L’article 153a LIFD, auquel correspond l’article 53a LHID, est au centre de l’arrêt 2C_826/2019 du Tribunal fédéral, rendu le 17 mars. La question principale de la cause était de savoir si la veuve, intimée, avait été impliquée dans la soustraction d’impôt commise par son défunt époux, auquel cas elle ne pourrait pas se prévaloir de cette disposition, ou non.

La soustraction d’impôts est un acte personnel et il ne peut être imputé aux héritiers. Le caractère personnel de la soustraction est d’ailleurs confirmé par l’article 180 LIFD, qui protège le conjoint dans les limites de sa non implication personnelle. La preuve de l’implication personnelle du conjoint survivant est à la charge de l’autorité fiscale. Relevons au passage qu’il peut aussi arriver que le conjoint ait lui-même, de son côté, commis une soustraction ; dans une telle hypothèse, il pourrait se prévaloir de l’article 153a LIFD en ce qui concerne les éléments soustraits par le défunt, mais serait néanmoins responsable des impôts qu’il aura lui-même soustraits durant les dix, et non pas trois, dernières années.

Dans le présent arrêt, il s’agissait de déterminer l’implication du conjoint survivant dans la soustraction d’impôts commise au moyen d’une fondation de famille liechtensteinoise révocable, détentrice de deux comptes bancaires, dont le fondateur et premier bénéficiaire était l’époux décédé. Sur les documents bancaires, l’épouse apparaissait comme bénéficiaire économique des avoirs, mais elle n’en avait pas le pouvoir de disposition.

Le traitement en transparence des comptes bancaires n’était pas litigieux. Il n’était en effet pas contesté qu’une fondation comme celle utilisée en l’espèce n’est pas un sujet fiscal. Dès lors, la question de l’attribution des avoirs soustraits a été abordée sous l’angle de l’article 200 CC. En l’absence de preuve contraire, les avoirs bancaires ont été considérés comme ayant appartenu en copropriété aux deux époux, ce qui, sur le plan fiscal, s’est traduit par l’application de l’article 151 LIFD, mais pour la moitié seulement, l’autre moitié bénéficiant de l’article 153a LIFD. Ce partage par moitié, préconisé par la doctrine, a été jugé également conforme à la jurisprudence du tribunal (voir le blog du Groupe Ilex de la semaine 25/18).

Semaine 19/20 – Suisse – Estimation des titres non cotés aux fins de l’impôt sur la fortune

La circulaire n° 28 de la Conférence suisse des impôts du 28 août 2008 harmonise les règles d’estimation des titres non cotés. Bien qu’elle n’ait pas valeur de droit fédéral ou intercantonal, cette circulaire est  reconnue comme présentant une méthode adéquate et fiable pour la détermination de la valeur vénale des titres non cotés en bourse.

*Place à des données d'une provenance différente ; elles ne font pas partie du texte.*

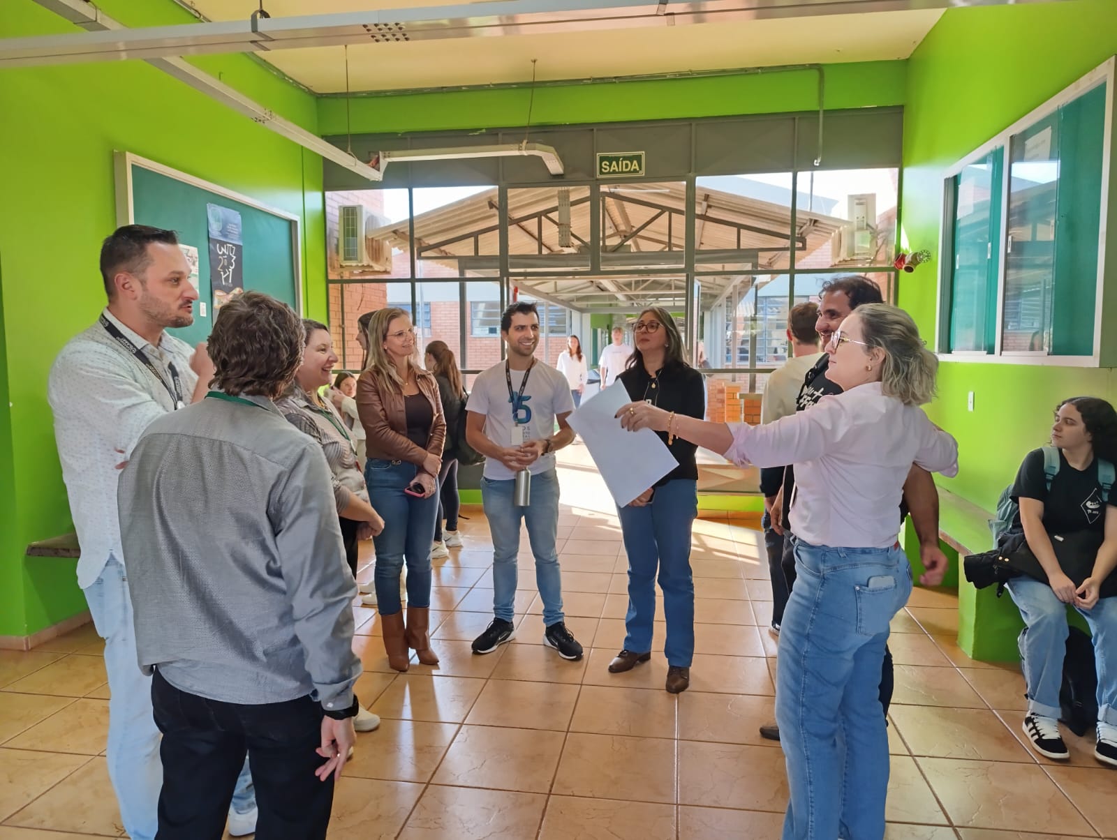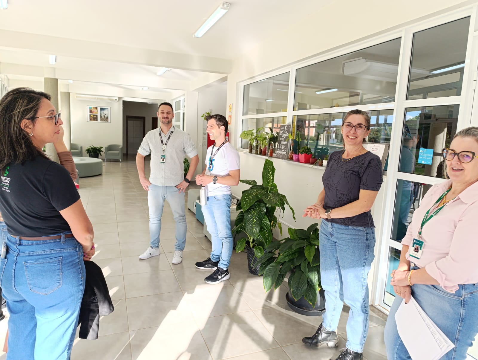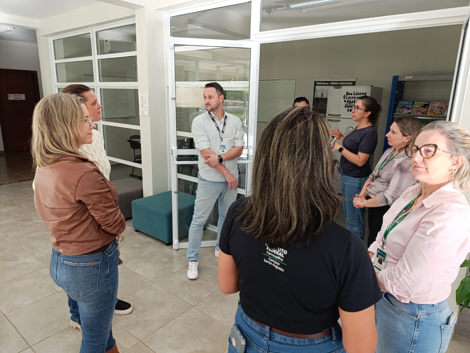 O grupo foi recebido pela Diretora Geral, Márcia Fink, pela Diretora de Ensino, Téoura Benetti, pela Diretora de Planejamento e Desenvolvimento Institucional, Janice Boeira e pela Diretora de Administração, Elizangela Sulzbach Pasa.

La méthode d’estimation générale, dite « des praticiens », s’applique aux sociétés commerciales, industrielles et de service. Elle prend en compte la moyenne pondérée entre la valeur de rendement doublée et la valeur intrinsèque déterminée selon le principe de la continuation. Les actions des sociétés holding pures, de gérance de fortune, de financement ou immobilières sont estimées selon la valeur substantielle de la société. Enfin, si les actions ont fait l’objet d’une vente entre parties indépendantes, leur prix transactionnel est reconnu comme prix du marché, pour autant qu’il corresponde à une valeur vénale représentative et plausible de la société, ce qui doit être examiné selon les circonstances de chaque cas.

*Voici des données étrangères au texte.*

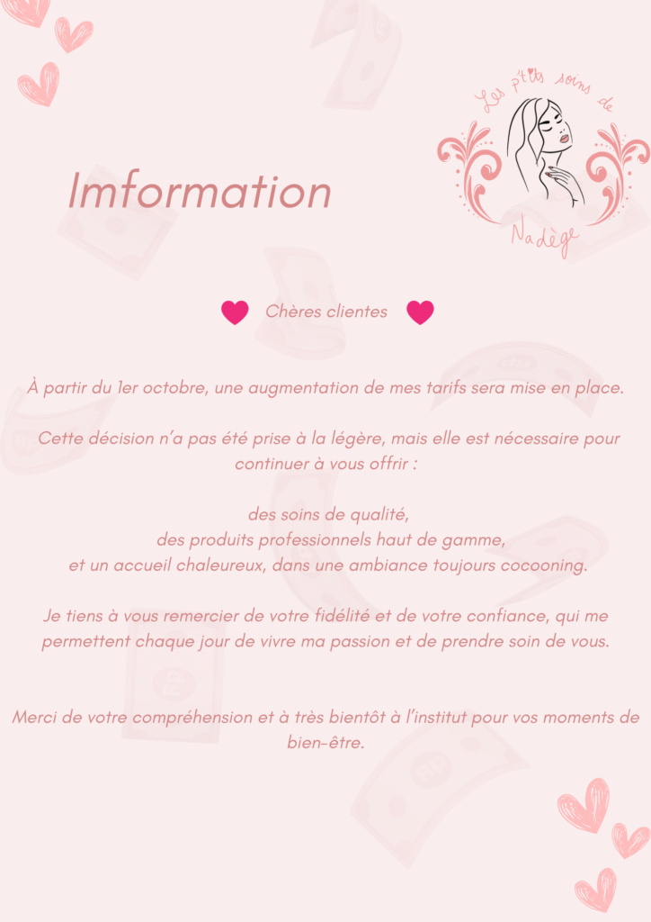 Je vous propose de découvrir ces soins spécialement pour vous (épilations, soin visage), sans oublié la manucure simple, les massages…

Dans l’arrêt 2C_953/2019 du 14 avril, le Tribunal fédéral a confirmé l’application de la méthode des praticiens, au détriment du prix transactionnel, au motif que la vente des titres non cotés était liée à une option d’achat de dix ans, d’une part restreignant le droit de disposer de l’acquéreur et d’autre part celui du vendeur quant à la manière de fixer le prix de vente. La présence d’une telle option affectait nécessairement le prix de vente, si bien qu’il était douteux que le montant payé lors du transfert correspondît réellement au prix du marché.